If it were Mareks, the limp would get to the point of needing his wings to walk. I would try the multi-b vitamins and maybe he injured himself.

The cardboard shoe sounds good


----------



## Teal (Feb 6, 2016)

Thanks! You def. confirmed for me that it's not Mareks.


----------



## dawg53 (Aug 25, 2015)

It sounds like he might have jumped down from a high roost or other elevated object and sprained or pulled a tendon or ligament. I've dealt with that in hens and roosters.


----------



## Teal (Feb 6, 2016)

Thank you for replying. I hope that's all it is. Do you have any suggestions about how long I should leave his foot taped to his cardboard "shoe" before removing it to see how he is?


----------



## dawg53 (Aug 25, 2015)

Teal said:


> Thank you for replying. I hope that's all it is. Do you have any suggestions about how long I should leave his foot taped to his cardboard "shoe" before removing it to see how he is?

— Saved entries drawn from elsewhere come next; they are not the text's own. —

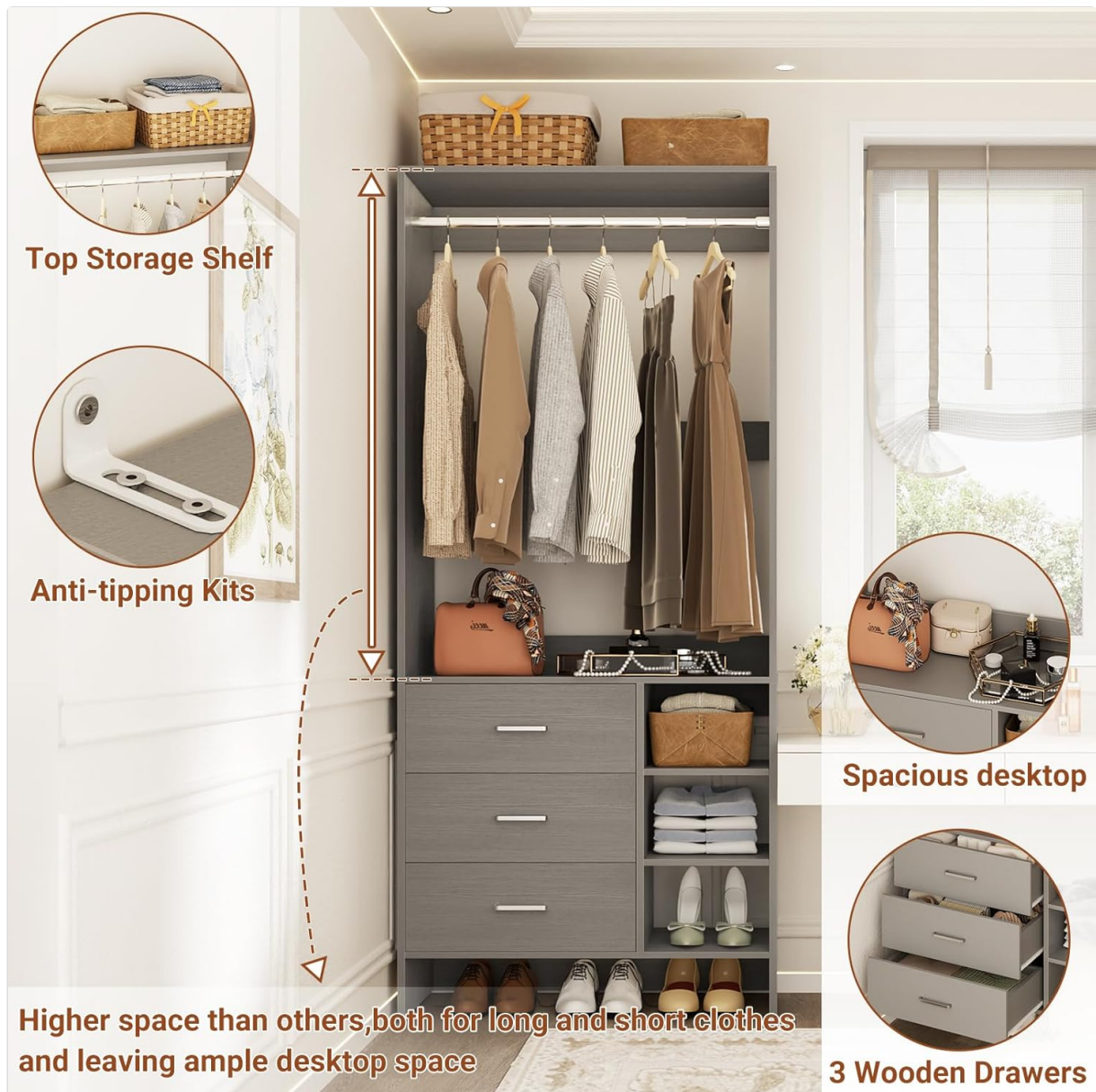
Figure 2.1: Illustration of the anti-tipping kits and key structural features. The anti-tipping kits are crucial for securing the unit and preventing accidental falls.
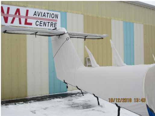
Piper PA-38 Tomahawk Empennage Cover (Tailboom, Vertical & Horiz Stabilizers) Set (W/Horiz. Stab. Cover), Winter Use

WINTER USE MATERIAL - Made with Solution-Dyed Polyester fabric, this option is intended for seasonal use to aid in deicing, rain mitigation, or for occasional travel. The material is lighter and more compact, but more susceptible to UV damage and may have a shorter useful life if used continuously outside than the all-year use material.
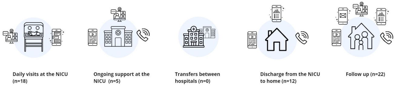
Figure 3. Overview of included telemedicine interventions for each step in the neonatal care journey. NICU: neonatal intensive care unit.
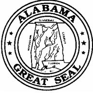
Fob James, Jr. Governor
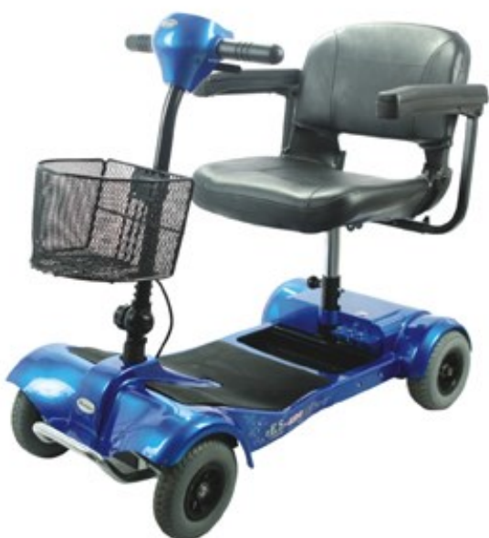
Compact 4 Wheel Scooter ES4100
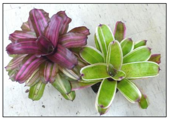
From same cross: Neoregelia 'Sichuan' (left); Neoregelia 'Road to Hana' (right)
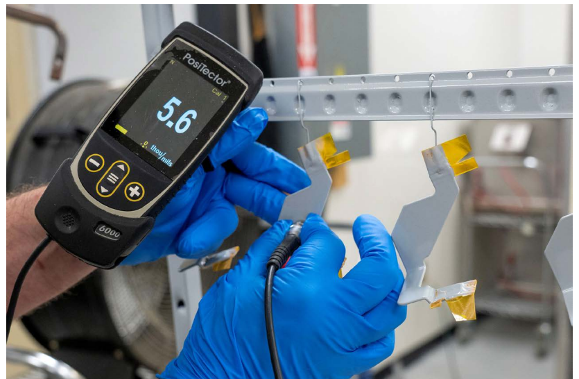
5. This is an example of a multi-conductor busbar that's been powder-coated using the fluidized bed method. With its heavy-gauge copper construction and thick powder coating, it's a very robust busbar with multiple termination options.

Highly automated facilities often struggle with irregular or unique shapes. That's why manual masking remains the most reliable method for complex or low-volume projects,
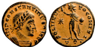
244 Constantinus I. (307-337 AD). Follis. 19mm 3,18g

I've never done it the way you're doing it. Let us know how it works out for you and your rooster.


----------



## nannypattyrn (Aug 23, 2015)

I think you need to check every few days to make sure the circulation is good and the foot is still a good color.


----------



## chickenqueen (Jan 9, 2016)

Spoken like a true nurse!Check color and look for swelling.If the foot is turning dark,you got a circulation problem.Good luck!


----------